** PROBLEM REQUIREMENTS **
The lines below, from the one holding "Avec l’Outdoor Smart" through the final line, are to be copied exactly, with no other lines and no pictures.

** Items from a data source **
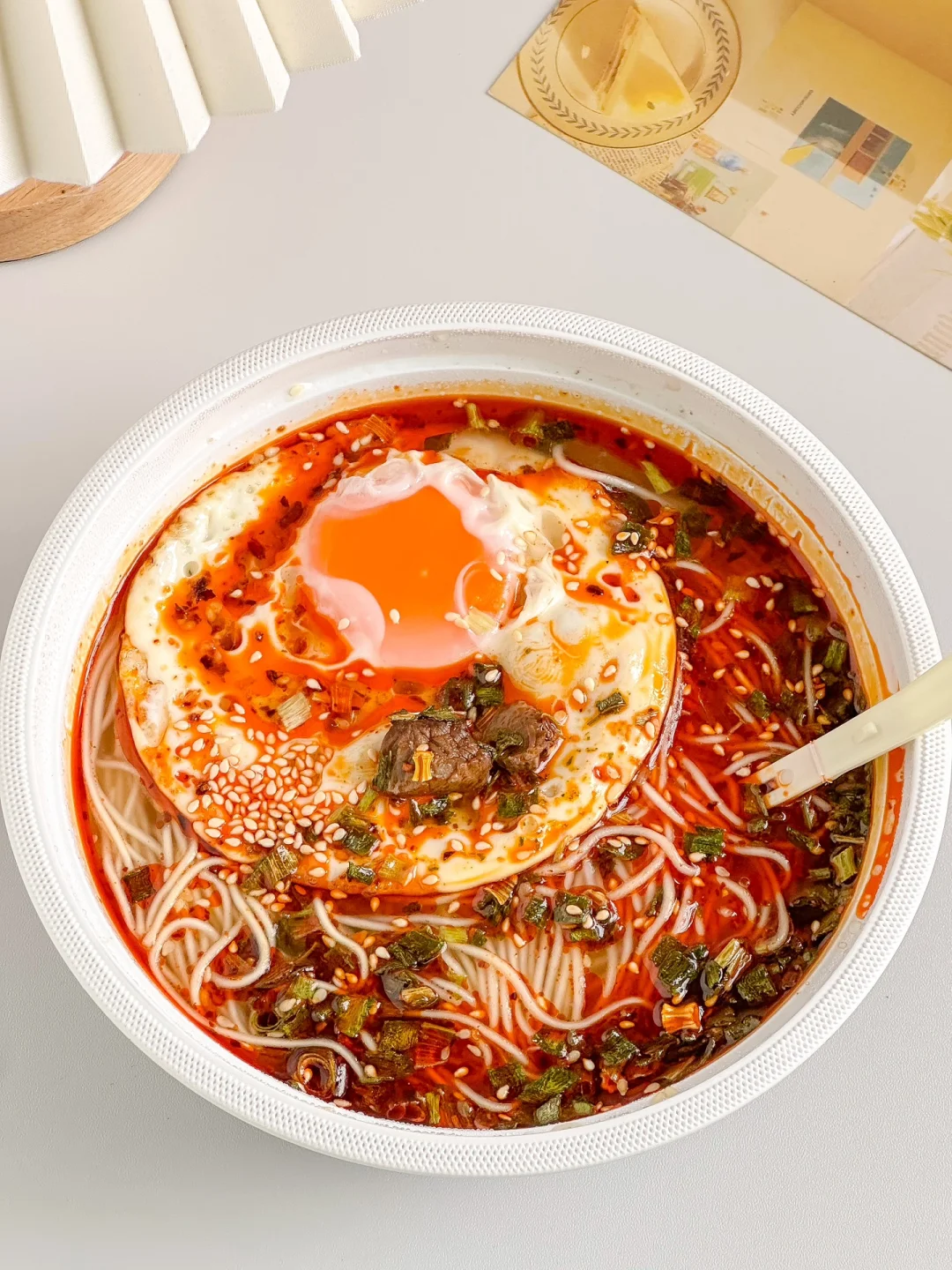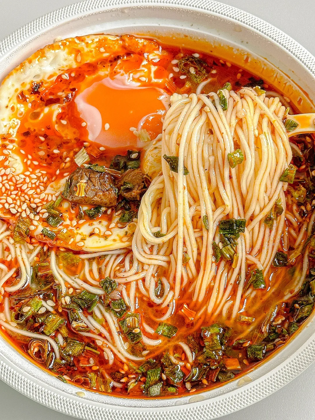 免洗免煮的兰州牛肉面谁能不爱啊!! 面饼还是非油炸的!!汤底浓郁! 开水冲泡几分钟就能得到一碗比店里还好吃的兰州牛肉面!?里面还有几块厚牛肉!! 这没比店里薄薄的牛肉片划算?? 在家五分钟就能吃到一碗!尊滴方便~
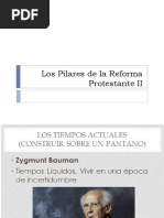 VIII. Martn Lutero (1483-1546) Sacerdote agustino, con problemas espirituales, rompi con la Iglesia debido, entre otras cosas, a la cuestin de las indulgencias. En octubre 31 de 1517 coloc en la puerta de la iglesia de Wittenberg sus 95 famosas tesis. El papa Len X estaba muy ocupado con la construccin de la baslica de san Pedro (por eso, el papa haba acentuado la predicacin de las indulgencias, para recaudar dinero necesario para la construccin). Al principio, el papa no prest inters al fraile, pero en 1520 el papa public la encclica Exurge Domine en la que condenaba la doctrina de Lutero y le daba sesenta das para retractarse. Como no lo hiciera, en abril de 1521 fue excomulgado. La doctrina de Lutero puede resumirse en los siguientes puntos: 1. La salvacin se logra slo por la fe. 2. La Iglesia carece de autoridad; es slo una sociedad libre de creyentes. 3. Slo la Biblia es norma de fe. 4. Slo el Bautismo y la Comunin fueron instituidos por Cristo. 5. El monacato y el celibato son un mal. 6. El estado debe proteger a la Iglesia. En pocos aos el luteranismo se extendi por Dinamarca, Suecia y Noruega. IX. Juan Calvino (1509-1564) Suizo, de temperamento ms fro y lgico que el de Lutero. De educacin catlica desde su infancia, pero con ideas infiltradas ya del luteranismo. En 1536 public Las instituciones de la religin cristiana. No slo se salva uno por la fe, sino que la fe es un don divino otorgado solamente a algunos. El ser humano no puede hacer nada para salvarse o condenarse. Fue ms estricto que Lutero en la interpretacin de la Biblia. Los sacramentos son puros smbolos que no tienen poder para ayudar a salvarse. Los sacerdotes no tienen poderes sacramentales, slo deben predicar. Calvino se estableci en Ginebra, Suiza. Gobern "la ciudad de los elegidos" con mano dura. Se prohibieron hasta las diversiones ms inocentes. Sin embargo, su doctrina se hizo famosa y popular, a pesar del rigor de su contenido. Calvino exalt las virtudes de la clase media: trabajo, frugalidad, tesn. Pareci lgico a la gente que el progresar en la vida era seal de bendicin divina. As la riqueza se convirti en signo de salvacin. La clase media, pues, fue la ms adepta a las ideas calvinistas. Se extendi rpidamente por Holanda, Escocia y parte de Alemania y Francia. X. Enrique VIII (1509-1547) Coronado rey de Inglaterra en 1509. En 1521 escribi contra Lutero la Defensa de los siete sacramentos; el papa le otorg el ttulo de Defensor de la fe. En 1527 llevaba ya casado dieciocho aos con Catalina de Aragn, de quien haba tenido tres varones y dos hembras, pero todos, excepto una nia, haban muerto en la infancia. Catalina, ya en los cuarenta, no pareca ofrecer esperanzas de alumbrar a un nuevo varn. Ninguna mujer en el pasado haba reinado con acierto en Inglaterra. Se necesitaba un hombre para suceder a Enrique en el trono. ste se haba casado con Catalina, viuda de Arturo, hermano mayor de Enrique, muerto en 1502, a instancias de sus padres y bajo dispensa especial del papa Julio II. En el curso normal de las cosas, a Enrique no se le hubiera permitido casarse con Catalina. Y ahora el rey insista en que su matrimonio era nulo por esa razn. No peda un divorcio sino una declaracin de nulidad. Efectivamente, muchos eruditos contemporneos dudaban sinceramente que el papa pudiese conceder semejante dispensa, a saber, casarse con la viuda de su hermano, ya que pareca contradecir el mandado del Levtico: "Si uno toma la mujer de su hermano, es una inmundicia. Descubri la desnudez de su hermano. No tendrn hijos". Los papas en el pasado haban anulado matrimonios en circunstancias parecidas y con razones de menos peso. Todos saban que el papa, ahora Clemente VII, deseaba conceder a
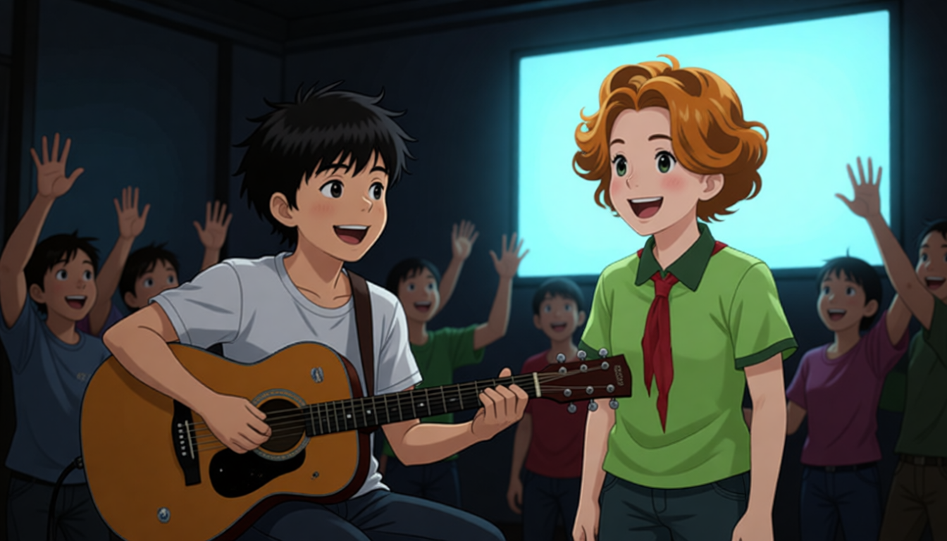 Zhang Peng's school has a music party. Zhang Peng asks his teacher Peter if he can join the party on his phone. Peter says yes. At the party, Zhang Peng plays the guitar and sings "You Are My Sunshine". Peter sings the song on the big screen. Everyone cheers for their friendship.
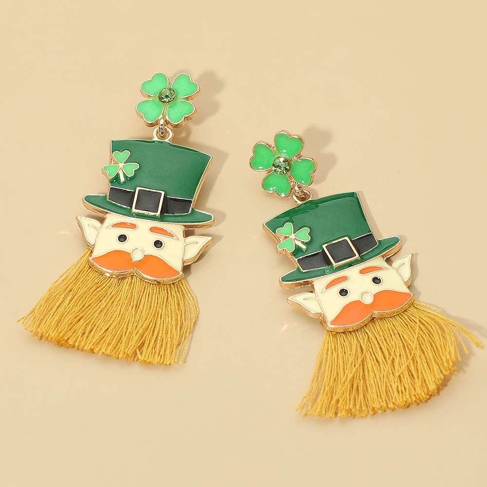 Details • Size : 1.1" X 2.5" • Post Back • Festive leprechaun clover tassel drop earrings designed to stand out with playful character details and eye-catching movement. A fun statement accessory for seasonal celebrations, themed outfits, party styling, and gift selections, offering lightweight comfort with bold personality for all-day wear. • Lead and Nickel Compliant
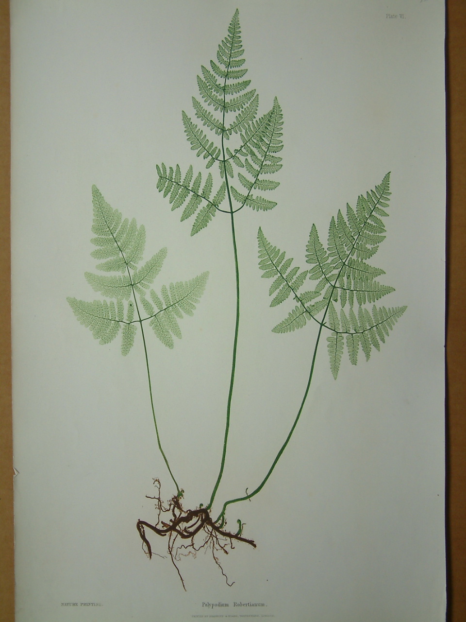 The ‘Ferns of Great Britain and Ireland’ was written by Thomas Moore (1821-87), who was the curator of the Chelsea Botanic Garden and edited by John Lindley (1799-1865). Henry Bradbury (1829-60) was the eldest son of William Bradbury of Bradbury & Evans, printers and publishers. In 1850 Henry Bradbury went to Vienna to study at the Imperial printing office where he learnt of nature printing, where impressions of natural objects are made on printing plates. Back in London he used a similar process to produce the plates for Moore’s work on ferns. This famous book was one of the first nature-printed books produced in Britain. There were numerous claims to the patent and invention of the technique and Bradbury was heavily embroiled in it all. So much so that it is quite possible that it led to his early death when he committed suicide by drinking acid. Fischer (1933) 89-91; Nissen BBI (1966) 1400; ODNB; Stafleu & Cowan (1976-86) 6275.
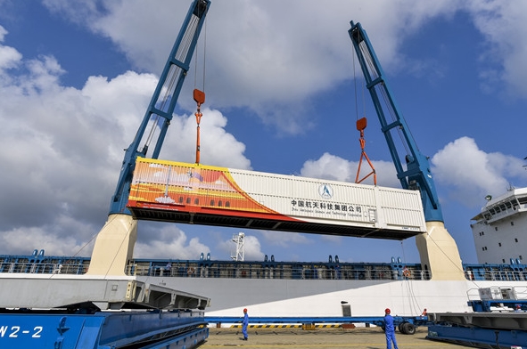 2月3日,停靠在海南文昌清瀾港的遠望號火箭運輸船隊將火箭產品安全吊裝下船。中新社記者 駱雲飛 攝
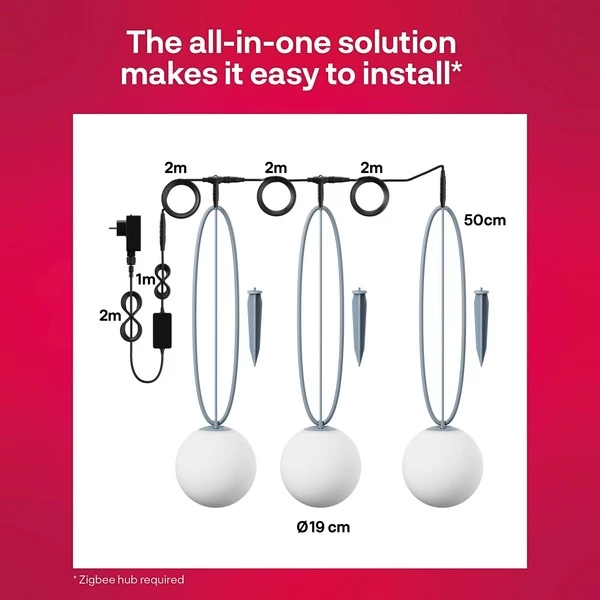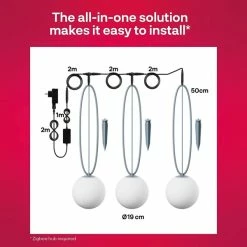 Avec l’Outdoor Smart Globe Light Colour 3-Pack d’INNR, le jardin ou le balcon peut être éclairé avec goût et intelligence. Cet ensemble se compose de trois luminaires et d’une large gamme d’accessoires avec lesquels les luminaires peuvent être suspendus ou installés. Les luminaires génèrent un flux lumineux allant jusqu’à 370 lumens chacun, sont dimmables et, si nécessaire, brillent du blanc chaud au blanc froid ou à la couleur. Le contrôle se fait via une application ou la voix.
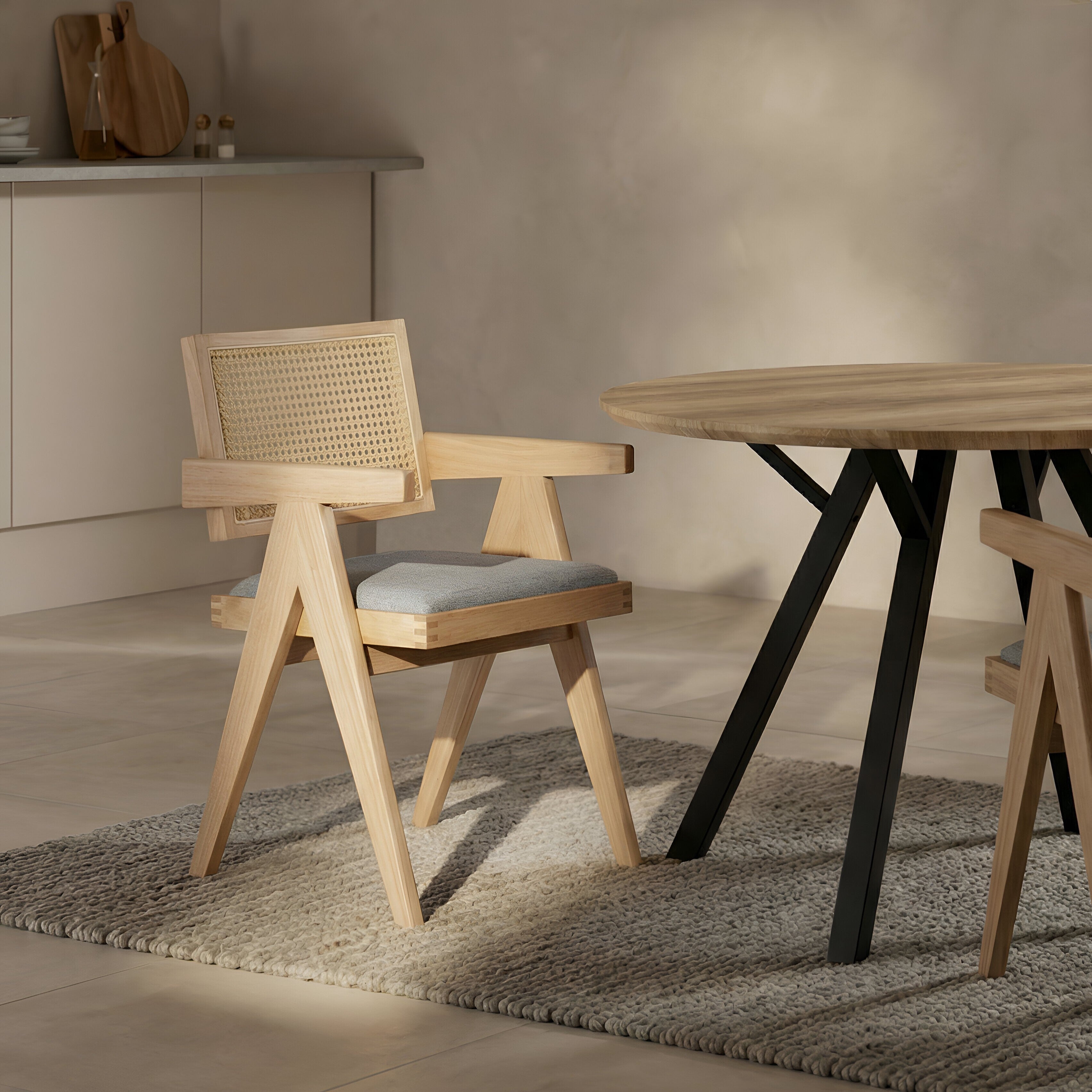 Zintegrowane drewniane podłokietniki podnoszą komfort użytkowania i stabilizują pozycję siedzącą. Solidna konstrukcja z naturalnego drewna oraz staranne połączenia elementów gwarantują trwałość i odporność na codzienne użytkowanie. Krzesło Aether sprawdzi się zarówno w jadalni i kuchni, jak i w restauracjach, kawiarniach czy przestrzeniach hotelowych.

** SOLVED PROBLEM **
 Avec l’Outdoor Smart Globe Light Colour 3-Pack d’INNR, le jardin ou le balcon peut être éclairé avec goût et intelligence. Cet ensemble se compose de trois luminaires et d’une large gamme d’accessoires avec lesquels les luminaires peuvent être suspendus ou installés. Les luminaires génèrent un flux lumineux allant jusqu’à 370 lumens chacun, sont dimmables et, si nécessaire, brillent du blanc chaud au blanc froid ou à la couleur. Le contrôle se fait via une application ou la voix.
 Zintegrowane drewniane podłokietniki podnoszą komfort użytkowania i stabilizują pozycję siedzącą. Solidna konstrukcja z naturalnego drewna oraz staranne połączenia elementów gwarantują trwałość i odporność na codzienne użytkowanie. Krzesło Aether sprawdzi się zarówno w jadalni i kuchni, jak i w restauracjach, kawiarniach czy przestrzeniach hotelowych.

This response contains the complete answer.